Ici, en Asie, il y a eu des avancées sociales remarquables au cours des dernières décennies, avec plus d'un demi milliard de personnes sorties de la pauvreté. Dans un même temps, l'inégalité de revenu a été à la hausse. Les dirigeants de la Chine et de l'Inde ont mis en tête de leurs priorités politiques la lutte contre les disparités de revenu et de richesse. Même dans un pays riche comme Singapour, le Premier ministre Lee a fait remarquer que l'écart grandissant est une question d'intérêt national.

 

Il existe d'abondantes raisons sociales et éthiques pour lesquelles nous devrions nous inquiéter au sujet de l'inégalité de revenu mais il y a aussi d'importantes raisons macro-économiques.

 

L'inégalité peut freiner les possibilités économiques car les pauvres ont moins accès au crédit. Il peut renvoyer les gens vers des activités improductives. Il peut aussi rendre les pays plus vulnérables aux chocs.

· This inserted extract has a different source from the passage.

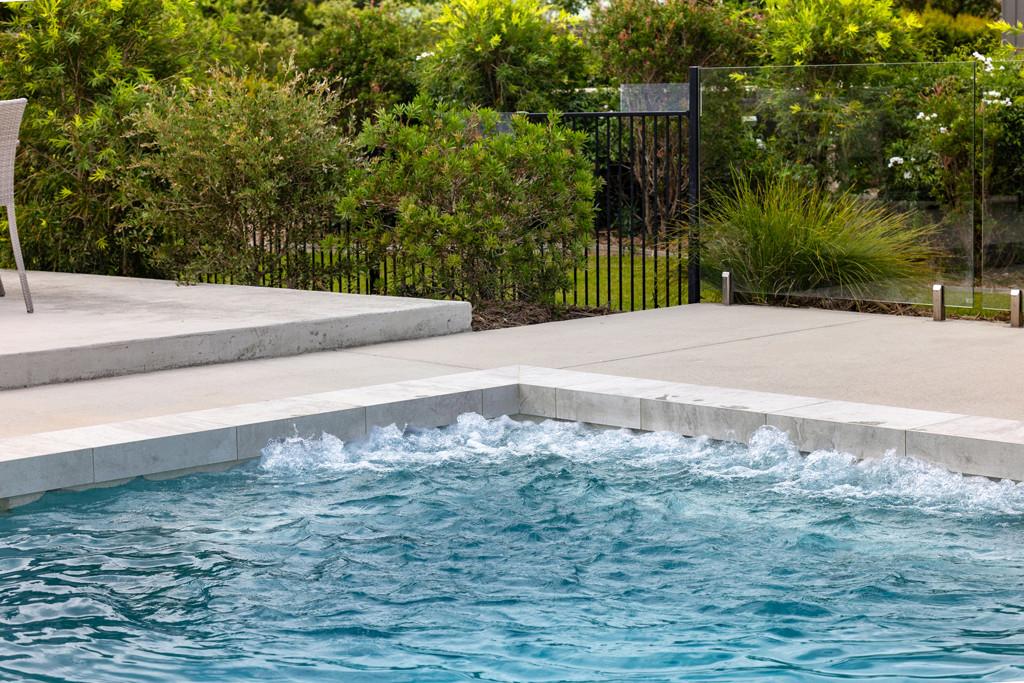 - Magnesium swimming pool with shallow entry and colour-changing LED lighting

Concrètement, une société plus égalitaire a tendance à croître plus longtemps.

 

La meilleure façon de répondre à ces défis ?

 

Dans les pays confrontés à un fort chômage, proposer un bon régime d'assurance chômage, d'aide sociale et des programmes publics pour l'emploi efficaces sont des bonnes manières pour prévenir le chômage à long terme et contribueraient à se relever plus rapidement de la récession.

 

Une protection sociale adéquate, s'appuyant sur un socle de protection sociale de base comme proposé par l'OIT, peut protéger les plus vulnérables contre le choc de la crise. Alors que l'assainissement budgétaire démarre dans les économies avancées, nous devons aussi veiller à ce que ces politiques budgétaires demeurent aussi favorable à l'emploi que possible.

 

À long terme, le moyen le plus efficace pour promouvoir la croissance des revenus est d'investir dans l'éducation, l'innovation mais aussi la formation, pour accroître les compétences des travailleurs. L'économie du 21e siècle est, en définitive, une économie de la connaissance, où les rendements de l'éducation sont extrêmement importants. Partout dans le monde, nous devons donner aux gens l'accès aux outils dont ils ont besoin pour prospérer dans cette économie mondiale hautement concurrentielle.

 

Conclusion

 

Il n'y a pas de solution facile aux défis dont j'ai parlé aujourd'hui mais si nous ignorons ces défis ou si nous les prenons à la légère, nous ferons face à des risques nettement plus grand qu'un seul essoufflement de la reprise.

 

Alors que les tensions entre les pays augmentent, nous assistons à une montée du protectionnisme - du commerce et des finances. Et comme les tensions au sein même des pays augmentent, nous assistons à une hausse de l'instabilité sociale et politique - parfois même la guerre.

 

Je suis préoccupé par la situation actuelle de la coopération mondiale. Je reste néanmoins confiant et certain qu'en travaillant ensemble, entre les pays, entre les différents segments de la société, nous pouvons surmonter les défis et bâtir une économie mondiale plus juste et meilleure.